One obvious motive behind the push for assisted suicide/euthanasia is money, according to Cockfield. For example, a poor person with cancer in Oregon would have to pay for pain medicine but would be offered a lethal injection for free. Denying treatment, turning off respirators, and refusing medications have now become realities at U.S. hospitals that look at the cheaper way to treat high-cost, non-profit patients such as the disabled and chronically ill.

“If you take morality out, the cheapest way to treat the sick is killing,” he said.

Cockfield discussed ways in which medical professionials encourage the “cheaper” alternative. A hospital in Columbia had a patient who was in a serious accident and paralyzed. The patient was told, “If you love your family, you will let us turn off the respirator. With all the medical costs, you don’t want to lose your house ”

Cockfield’s own mother was awakened at 4 a.m. while in a hospital to sign a living will. When she refused, the nurse said, “You don’t want to be a burden on your family? You don’t want them to suffer?”

To illustrate the severity of the situation, he explained how the parents of a newborn with Down syndrome refused a routine surgical procedure for their daughter and allowed the hospital to starve her to death. The chart read, “Do not feed and do not hold.” Ironically, 14 days later on the same day the child died, a veterinarian received five years in prison for starving a German shepherd dog.

As Cockfield describes the dark curtain coming down on a seemingly apathetic world, he believes the tide can turn if people are informed about the realities and the means to curb their growth.

“First, elect pro-life leaders who will help promote legislation that protects all human life.

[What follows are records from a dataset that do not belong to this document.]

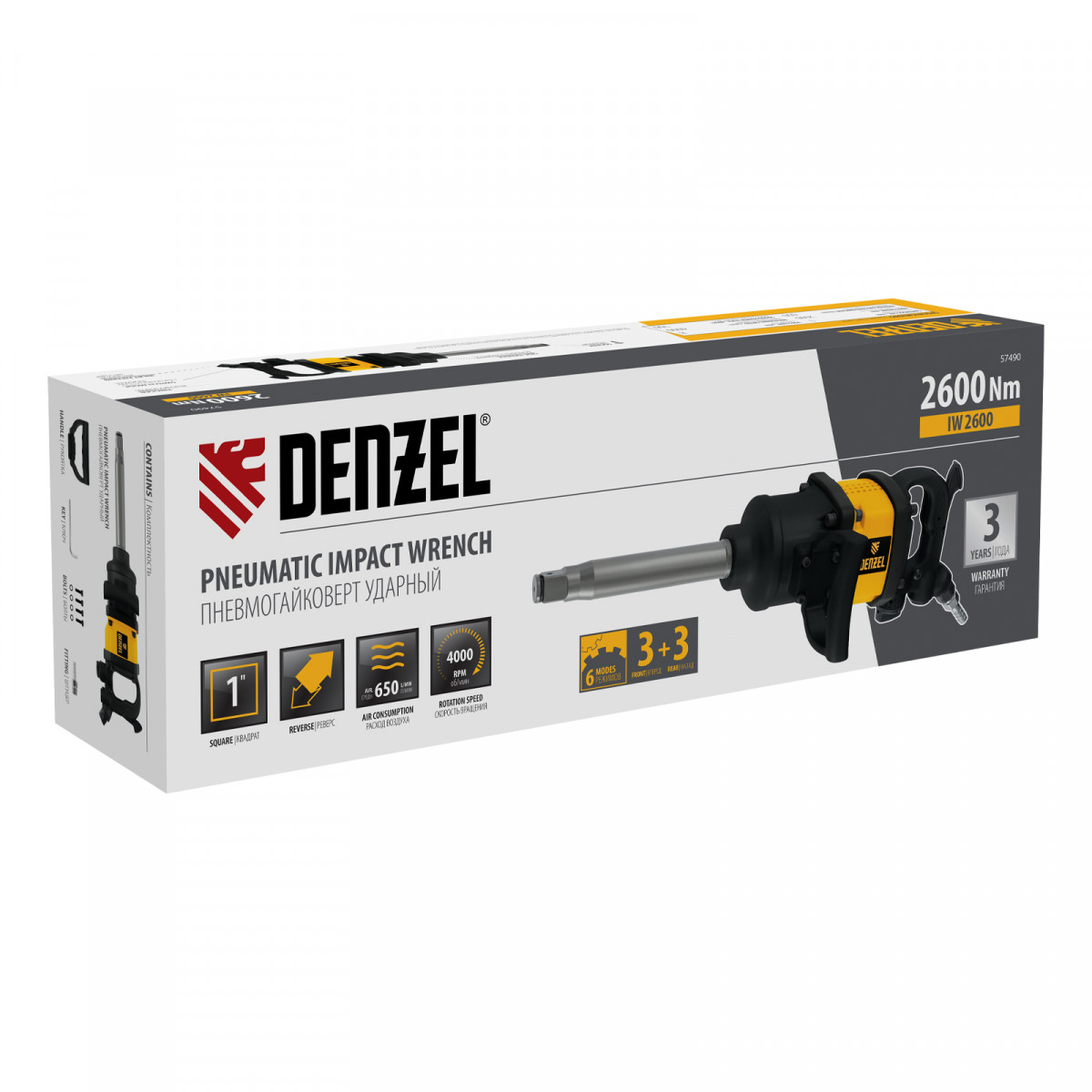 Ударный пневмогайковерт IW2600, 1", 4000 об/мин, 2600 Нм Denzel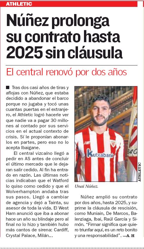 Athletic Bilbao confirmed on Tuesday the centre-back has signed a new contract at the club and his current deal will not include a buyout clause.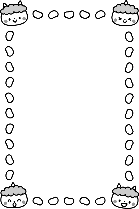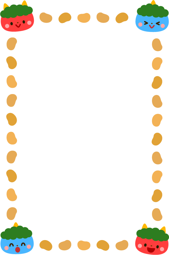 冬フレーム 豆撒き 豆まき 豆 まめ 保育園 幼稚園 こども園 園だより えんだより 2月 2月 節分 おに オニ 鬼 赤鬼 青鬼 冬のイベント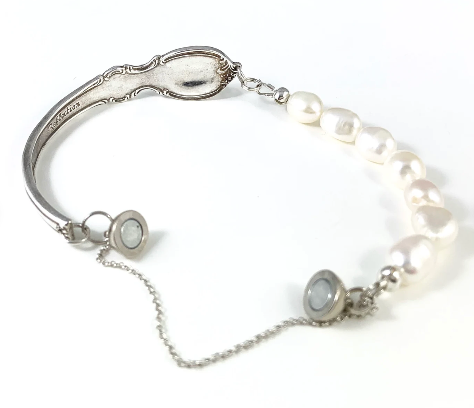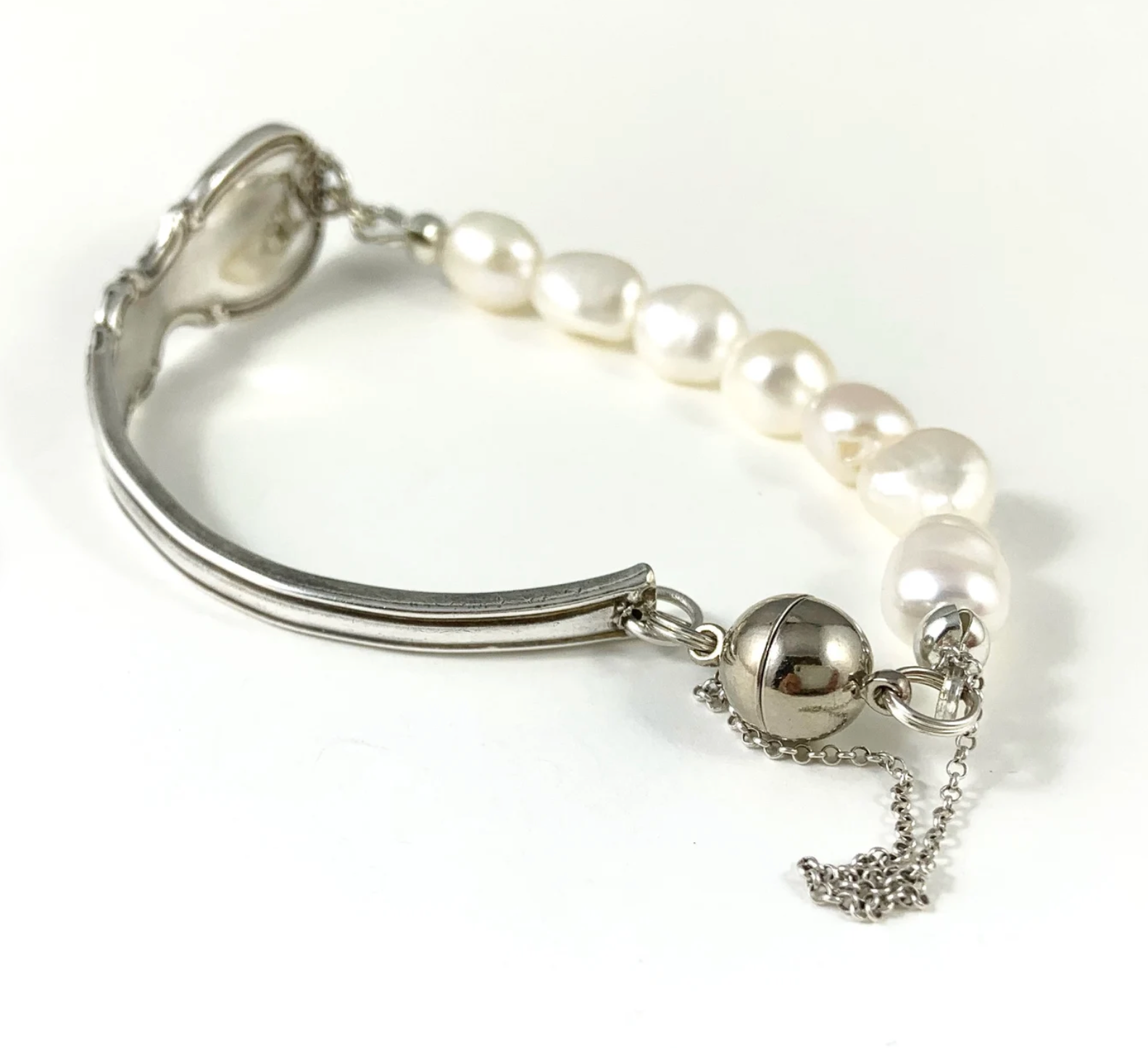 It will definitely be a talking point when you are wearing it; it has a lovely daffodil design on the handle. The pearls are hung on high quality, very strong, nylon and are organic oval shapes around 11 mm in length. The spoon segment bends gently around your wrist, so it sits flush with your skin and the magnetic clasp is very easy to do up on your own - the sterling silver safety chain is there so if you catch it on your bag, it will just snap shut again without falling off.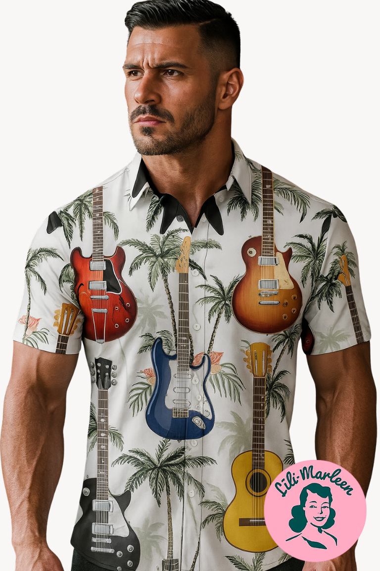 #GuitarGrooves #HerreskjorteGuitar #RockSkjorteSommer #VintageStyleMen #LiliMarleenStyle #StatementShirt #MusicVibes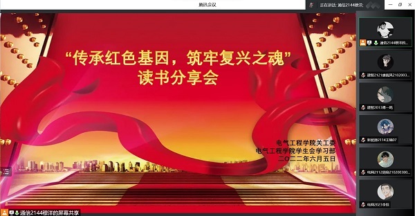 6月5日晚,电气工程学院关工委主办、院学生会承办的“传承红色基因,铸牢复兴之魂”读书分享会在线上举行。本次活动以《习近平与大学生朋友们》、《勋章》为读本,深化主题教育,用身边的英雄模范事迹教育引导青年,推动红色教育热在基层、热在青年,激励青年增强做中国人的志气、骨气和底气。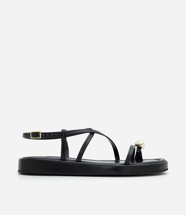 Sandália Flatform em PU com Tiras Finas e Dedeira Preto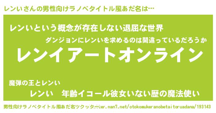 | 女子向けラノベタイトル風あだ名 | 『レンい姫と円卓の騎士』 |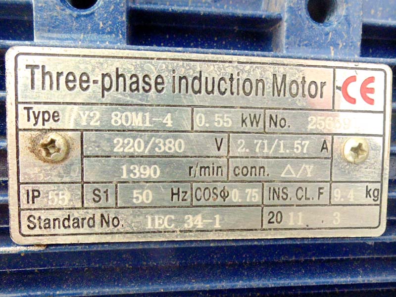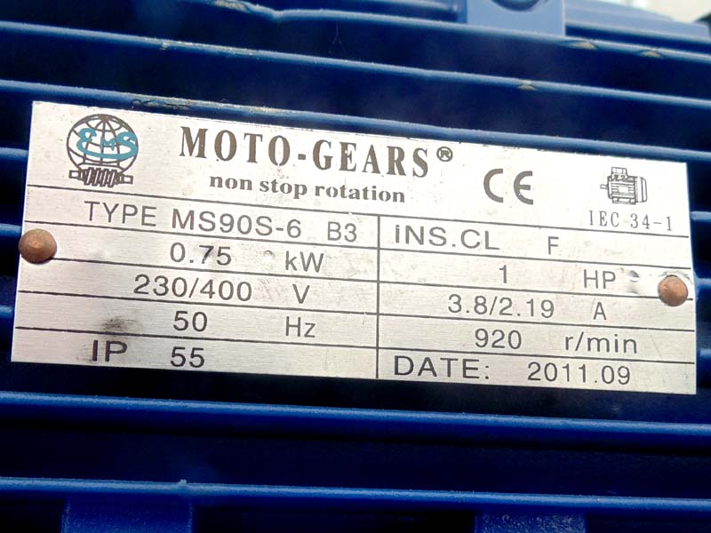 Snaga motora transportne trake: 0,55 KW (0,75 KS), brzina 1390 ob/min.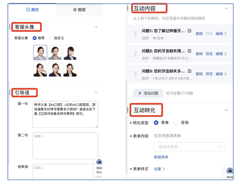 - 【对话互动】-- 支持设置「客服头像、引导语、互动内容与互动转化」
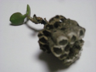 今日は日曜日 N響アワー(nhk教育21:00~22:00)に間に合うように帰宅 食卓に座って びっくり なんじゃ これ? 母が洗濯物を干している時に 植木鉢から見つけたそうです。 成金草の枝に 蜂の巣 蜂の巣に金成木? 枝に巣を作ってて 枝が落ちた?ようですね。 葉は生きてます!

Second, get rid of vague living wills and replace it with “A Will to Live” distributed by S.C. Citizens for Life; and last, convey your wishes to your family, so they can be your advocates,” he concluded.

In all that Wayne Cockfield has been through, he has gained wisdom. One lesson he has learned is that “your level of personal happiness is not based on physical appearance or ability.”

If that message were accepted, the fear of disability or illness would not consume the culture into devaluing those with less than perfect bodies.